Upfront a note of caution: Of course all timings taken here are dependent on the CPU and GPU that has been used. To generate the graphs and timing shown in this blog article an AMD Radeon R9 360 has been used with a Xeon E3 host CPU on FreeBSD 13. This short article contains a summary about image filters and how one can realize them. It will contain a short reminder of how convolution works, what separable filters are and some example of image filters and their (most inefficient but direct) implementation in Python. In the end it will also show how one might naively implement convolution in OpenCL to increase performance in comparison to the naive Python implementations shown. This article provides one with a small playground to quickly try out separable image filter kernels and execute them on the GPU using pyopencl from a Python testing environment.

import numpy as np
import matplotlib.pyplot as plt
from time import time
from PIL import Image


## Definition

First - what is a convolution anyways? For a mathematician a convolution is defined as an integral operation:

[ (f \times g)(t) := \int_{-\infty}^{\infty} f(\tau) g(t - \tau) d\tau ]

In most mathematics lectures this is just dropped in as a definition of an operation that acts on two functions and yields another function.

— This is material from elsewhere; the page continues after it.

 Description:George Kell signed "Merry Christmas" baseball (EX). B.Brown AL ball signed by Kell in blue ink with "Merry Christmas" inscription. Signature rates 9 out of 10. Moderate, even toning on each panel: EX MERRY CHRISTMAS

For a statistics person this immediately looks like a correlation function but with a flipped sign - so it’s also equal to the correlation function between $f(t)$ and $g(-t)$ or $f(-t)$ and $g(t)$. But what does this actually mean?

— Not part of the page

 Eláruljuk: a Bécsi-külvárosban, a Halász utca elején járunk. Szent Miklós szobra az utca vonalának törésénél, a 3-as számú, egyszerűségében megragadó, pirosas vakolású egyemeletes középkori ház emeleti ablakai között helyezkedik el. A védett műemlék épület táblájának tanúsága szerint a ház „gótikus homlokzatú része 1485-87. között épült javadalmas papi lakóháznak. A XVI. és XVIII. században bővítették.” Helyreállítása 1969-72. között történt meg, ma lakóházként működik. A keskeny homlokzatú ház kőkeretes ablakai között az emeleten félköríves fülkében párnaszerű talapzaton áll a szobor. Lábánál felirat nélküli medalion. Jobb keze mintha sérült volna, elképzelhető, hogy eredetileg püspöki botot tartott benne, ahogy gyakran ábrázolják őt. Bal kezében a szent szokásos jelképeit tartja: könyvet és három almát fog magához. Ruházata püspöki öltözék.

• In statistical interpretation the correlation function tells one how similar two functions are which can be used for signal analysis, target location, anomaly detection, etc.. This interpretation is usually not used for image processing
• In signal analysis there is another interpretation. When one applies the Fourier transform or Laplace transformation to two input functions and multiplies them in frequency space one gets the same structure - the convolution is just a multiplication in frequency space.
• In systems theory the convolution is used to simply calculate the response of an linear time invariant (LTI) system - this also arises from applying the Laplace transformation to the system function

None of those is really used in image processing. In image processing (and in neuronal networks) one sees that a convolution basically applies an operator (the kernel) to the neighborhood of a pixel. For example a simple convolution might take a 3x3 window around each and every pixel in an image and substitute it with the average of all those pixels and thus performing a smoothing operation (of course it turns out this also works with a correlation function but this doesn’t really matter since most filters used in image processing are symmetric anyways. This can also be used when modeling systems where one applies a noise model to ones system model (for example applying Gaussian blur to every point in ones dataset or modeling a system that has some given systems and response and Gaussian noise superimposed - for example when modeling the response of a particle detectors signal shaping network together with it’s electronic shot noise).

## Separable filters

So what’s the thing about separable filters? When for example applying a 3x3 convolution kernel to an image processing each pixel will take 9 multiplications and 8 additions (as well as 9 read accesses to memory and one write access). There are filters that can be separated into a horizontal and vertical kernel though. Often used examples for separable kernels are for example Gaussian blur and the Sobel kernel that’s often used in edge detection:

[ \begin{pmatrix} -1 & 0 & 1 \\ -2 & 0 & 2 \\ -1 & 0 & 1 \end{pmatrix} = \begin{pmatrix} 1 \\ 2 \\ 1 \end{pmatrix} \times \begin{pmatrix} -1 & 0 & 1 \end{pmatrix} ]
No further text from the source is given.